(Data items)
════════════════
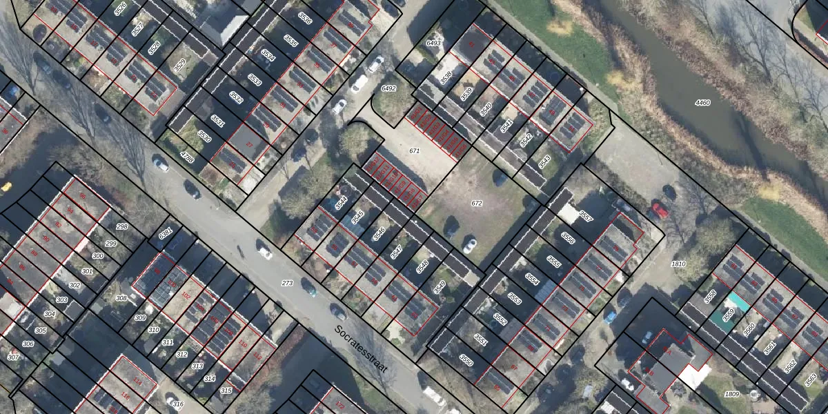 Het perceel waarop Socratesstraat 41-G7 staat heeft een oppervlakte van 404 m². Dit is een groot perceel. De perceeloppervlakte wordt geregistreerd door het Kadaster. Gedetailleerde informatie over de maten van dit perceel kunt u vinden in het rapport Kadastrale kaart met maatvoering van Socratesstraat 41-G7.
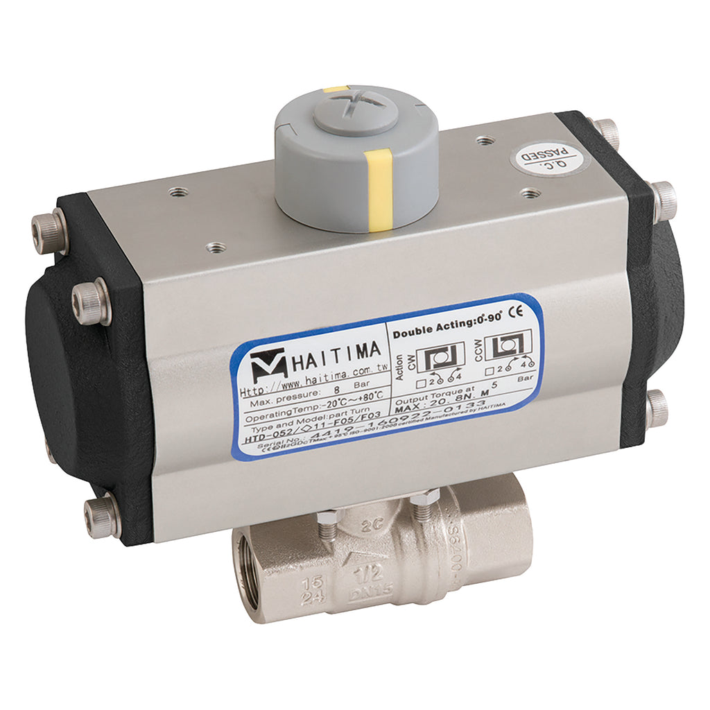 3/4" BSP Parallel, 2 Piece Ball Valve Fitted with a Pneumatic Actuator, Double Acting, WRAS Approved, Nickel Plated Brass Valve Material, FPM Seal Material, Valve Working Temperature -20°C to +170°C, Actuator Working Temperature -20°C to +90°C, Valve Maximum Working Pressure 40 bar, Haitima, RuB Valves
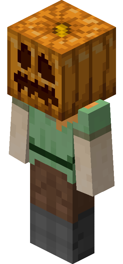 The player's appearance is commonly obscured by equipped armor such as turtle shells, as well as other equipable items such as elytra, carved pumpkins and heads. Players are also the only entity capable of having capes, as well as deadmau5 ears, depending on the account.
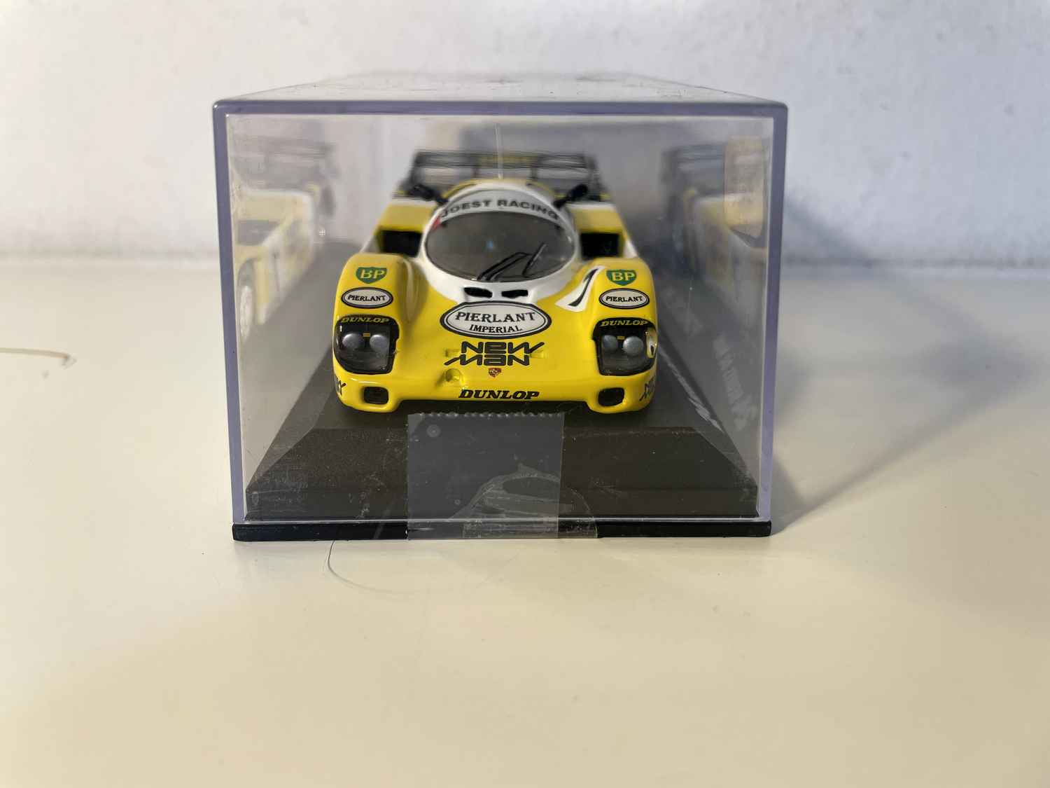 Dës Porsche 956 Miniatur , Nummer 7, reproduzéiert trei ee vun de kultigsten Autoen vun de 24 Stonne vu Le Mans . Mat senger charakteristescher schwaarz-gieler Lackéierung vun der Editioun 1984 fängt dës Replik d'Essenz vun enger gëllener Ära vum Ausdauerrennen un.
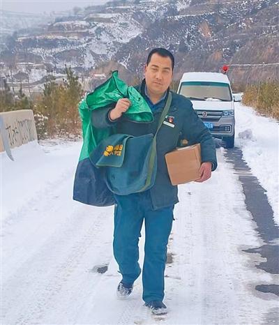 “今天下雪,車最多開到半山腰,后面的路還得靠腿走,所以得早點出發(fā)。”趙元瑞說著發(fā)動了車。作為鎮(zhèn)里的郵遞員,趙元瑞幾乎天天在溝壑縱橫、山路起伏的山梁間往返,這一條條熟悉的郵路,他已經走了20多年。10多個行政村、上百個自然村,哪段路不好走,哪戶人家常年在家,他心里都有數。
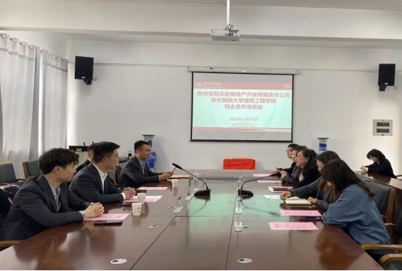 为进一步落实2023届高校毕业生春季促就业攻坚行动,加强校企战略合作,深化产教融合发展, 3月27日上午,beats365唯一官方网站与贵州恒邦天府房地产开发有限责任公司校企合作洽谈会在建工公司A504会议室顺利举行。四川恒邦天府集团贵州区总经理范紫微、营销中心总经理鲁赟、人力资源部部长叶嘉文、行政部部长刘峰瑜,建筑工程公司党委书记何璘、建筑与规划系主任舒净、系副主任陈玫、办公室负责人余进江出席会议,会议由公司党委副书记陆忠婷主持。
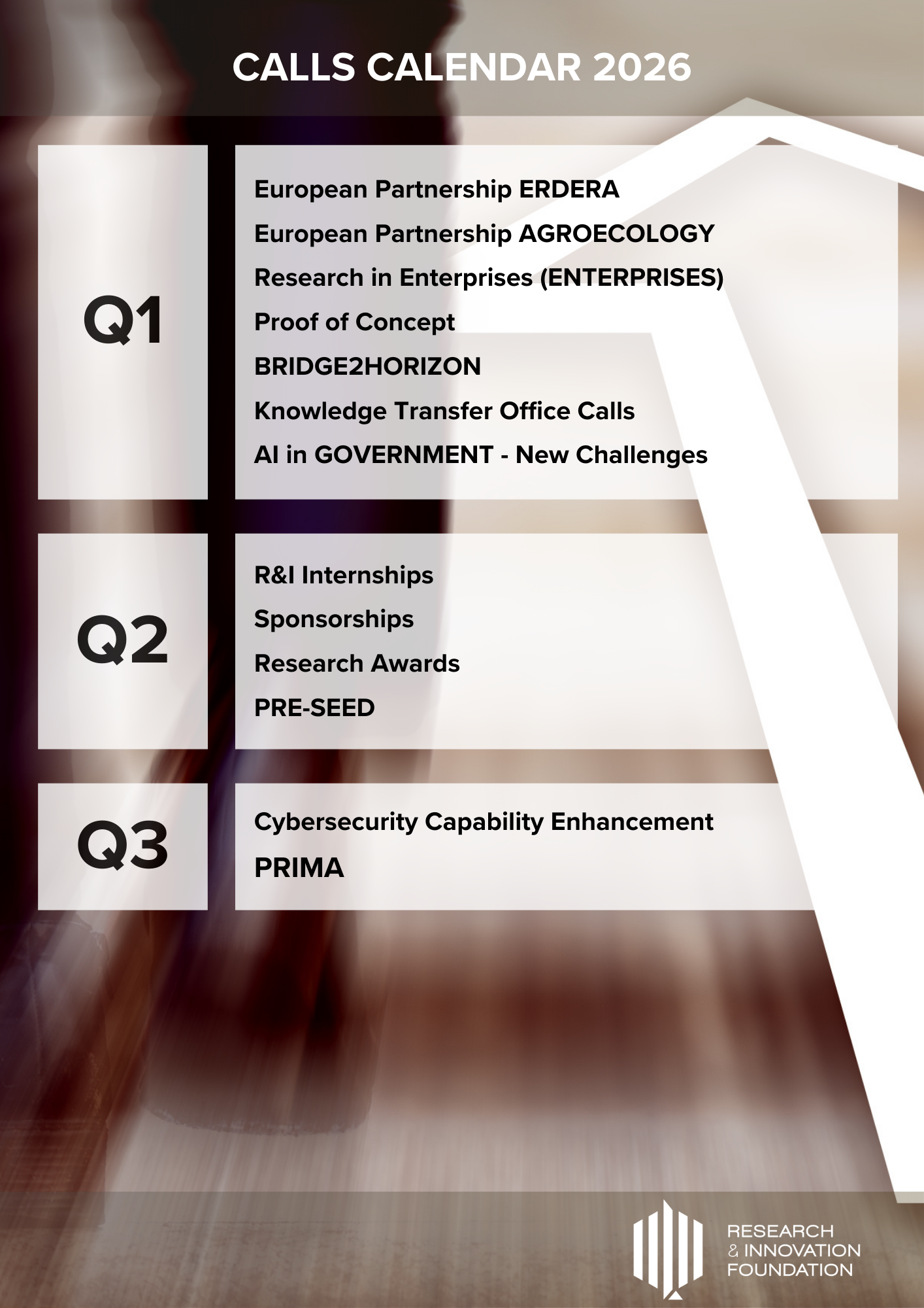 The Research and Innovation Foundation (RIF) announces its planning of calls for proposals for funding for 2026.
════════════════
Your instructions
Using the data above, write out every line exactly, leaving the images behind.

Task answer
 Het perceel waarop Socratesstraat 41-G7 staat heeft een oppervlakte van 404 m². Dit is een groot perceel. De perceeloppervlakte wordt geregistreerd door het Kadaster. Gedetailleerde informatie over de maten van dit perceel kunt u vinden in het rapport Kadastrale kaart met maatvoering van Socratesstraat 41-G7.
 3/4" BSP Parallel, 2 Piece Ball Valve Fitted with a Pneumatic Actuator, Double Acting, WRAS Approved, Nickel Plated Brass Valve Material, FPM Seal Material, Valve Working Temperature -20°C to +170°C, Actuator Working Temperature -20°C to +90°C, Valve Maximum Working Pressure 40 bar, Haitima, RuB Valves
 The player's appearance is commonly obscured by equipped armor such as turtle shells, as well as other equipable items such as elytra, carved pumpkins and heads. Players are also the only entity capable of having capes, as well as deadmau5 ears, depending on the account.
 Dës Porsche 956 Miniatur , Nummer 7, reproduzéiert trei ee vun de kultigsten Autoen vun de 24 Stonne vu Le Mans . Mat senger charakteristescher schwaarz-gieler Lackéierung vun der Editioun 1984 fängt dës Replik d'Essenz vun enger gëllener Ära vum Ausdauerrennen un.
 “今天下雪,車最多開到半山腰,后面的路還得靠腿走,所以得早點出發(fā)。”趙元瑞說著發(fā)動了車。作為鎮(zhèn)里的郵遞員,趙元瑞幾乎天天在溝壑縱橫、山路起伏的山梁間往返,這一條條熟悉的郵路,他已經走了20多年。10多個行政村、上百個自然村,哪段路不好走,哪戶人家常年在家,他心里都有數。
 为进一步落实2023届高校毕业生春季促就业攻坚行动,加强校企战略合作,深化产教融合发展, 3月27日上午,beats365唯一官方网站与贵州恒邦天府房地产开发有限责任公司校企合作洽谈会在建工公司A504会议室顺利举行。四川恒邦天府集团贵州区总经理范紫微、营销中心总经理鲁赟、人力资源部部长叶嘉文、行政部部长刘峰瑜,建筑工程公司党委书记何璘、建筑与规划系主任舒净、系副主任陈玫、办公室负责人余进江出席会议,会议由公司党委副书记陆忠婷主持。
 The Research and Innovation Foundation (RIF) announces its planning of calls for proposals for funding for 2026.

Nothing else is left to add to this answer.